Changing nodeMaxEntries

vinothchandar Newbie
Currently Being Moderated
Hi,

I am considering changing our B+Tree fanout (NODE_MAX_ENTRIES) to the default 128 from 512 (all our data is currently at this fanout).
From experimenting around, I have found this to reduce writing/cleaning by fitting more BINs in memory. (steady state random workload).

I have 2 quetions..

1. Is it possible to change the fanout without data conversion? How does this work in 4.1.x and 5.0.73?
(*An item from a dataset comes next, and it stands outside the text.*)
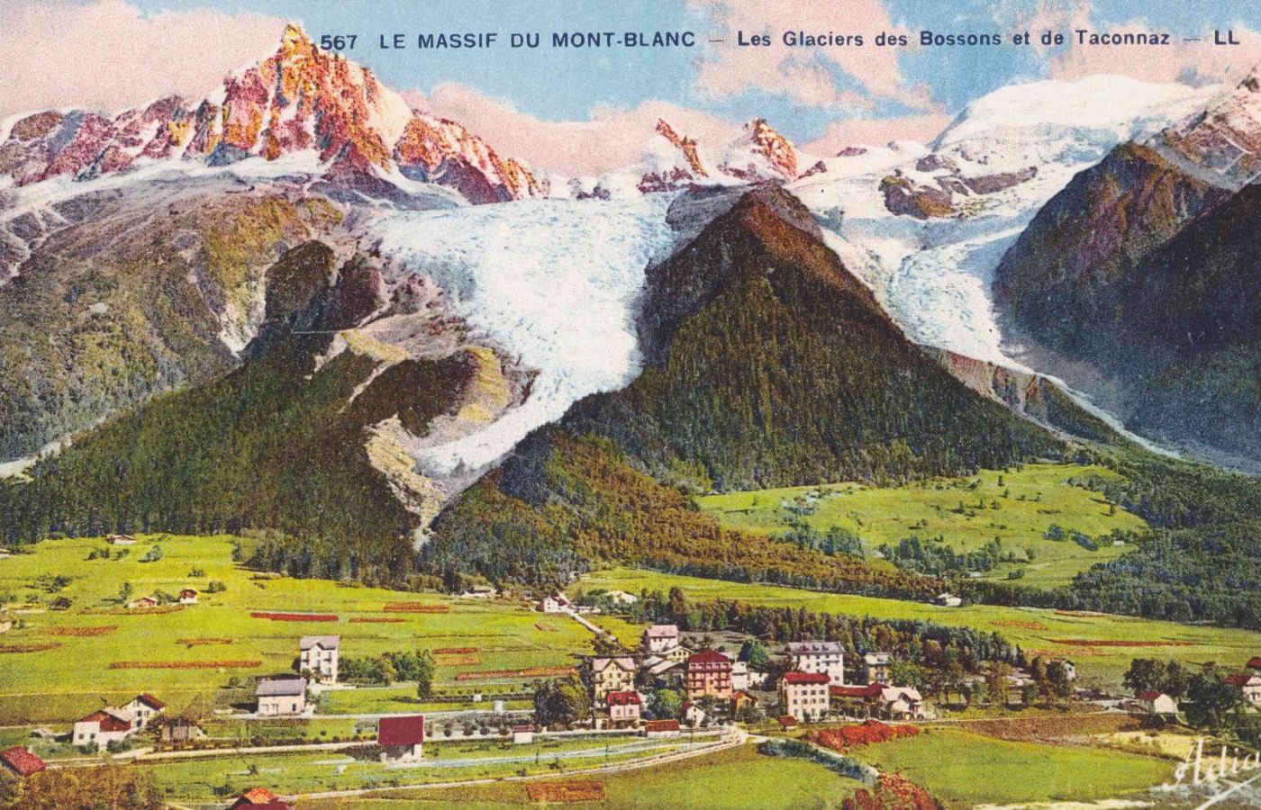 Années post-1926 : les hôtels ont « poussé » à proximité de la gare des Bossons. On remarque encore de nombreux champs cultivés autour de ce qui deviendra le cœur du village.

2. Given 5.0.73 fixes problems around BIN eviction (i.e writes less metadata by writing deltas on eviction too), what is the real tradeoff here for a higher or lower fanout?



Thanks
Vinoth
  • 1. Re: Changing nodeMaxEntries
    Bogdan Coman Journeyer
    Currently Being Moderated
    Hi Vinoth,
    vinothchandar wrote:
    1. Is it possible to change the fanout without data conversion?
    The fanout can be modified after the database has been created, as indicated by this table: http://docs.oracle.com/cd/E17277_02/html/java/com/sleepycat/je/DatabaseConfig.html

    Regarding data conversion, the existing Btree nodes are not converted to use the new value. The new value is used only when a new Btree node is created as a result of a record insertion. So if there are old records that will stick around, you may be better off (from a performance standpoint) to reload the database in a new one.
    How does this work in 4.1.x and 5.0.73?
    What changed between 4.1 and 5.0 is that node fanouts were mutable and transient in 4.1 and are now, in 5.0, mutable and persistent database attributes. This means that in 4.1 the new value might sometimes revert to the previously existing setting. This was fix in [#18262].
    2. Given 5.0.73 fixes problems around BIN eviction (i.e writes less metadata by writing deltas on eviction too), what is the real tradeoff here for a higher or lower fanout?
    It is hard to speculate here without knowing how big the cache is (more exactly if the BINs fit in cache or not). Since you are mentioning the JE 5 BIN eviction design change, my understanding is that the cache is not big enough, so I suggest you to find more about the tread-offs here: http://www.oracle.com/technetwork/database/berkeleydb/je-faq-096044.html#WhyshouldtheJEcachebelargeenoughtoholdtheBtreeinternalnodes

    You are correct about BIN eviction, you are talking about [#19671], which also mentions:
    "By significantly reducing writing, the new approach provides overall performance improvements. However, there is also an additional cost to the new approach: When a BIN is not in cache, fetching the BIN now often requires two random reads instead of just one; one read to fetch the BINDelta and another to fetch the last full BIN. For applications where all active BINs fit in cache, this adds to the I/O cost of initially populating the cache. For applications where active BINs do not fit in cache, this adds to the per-operation cost of fetching a record (an LN) when its parent BIN is not in cache. In our tests, the lower write rate more than compensates for the additional I/O of fetching the BINDelta, but the benefit is greatest when all BINs fit in cache."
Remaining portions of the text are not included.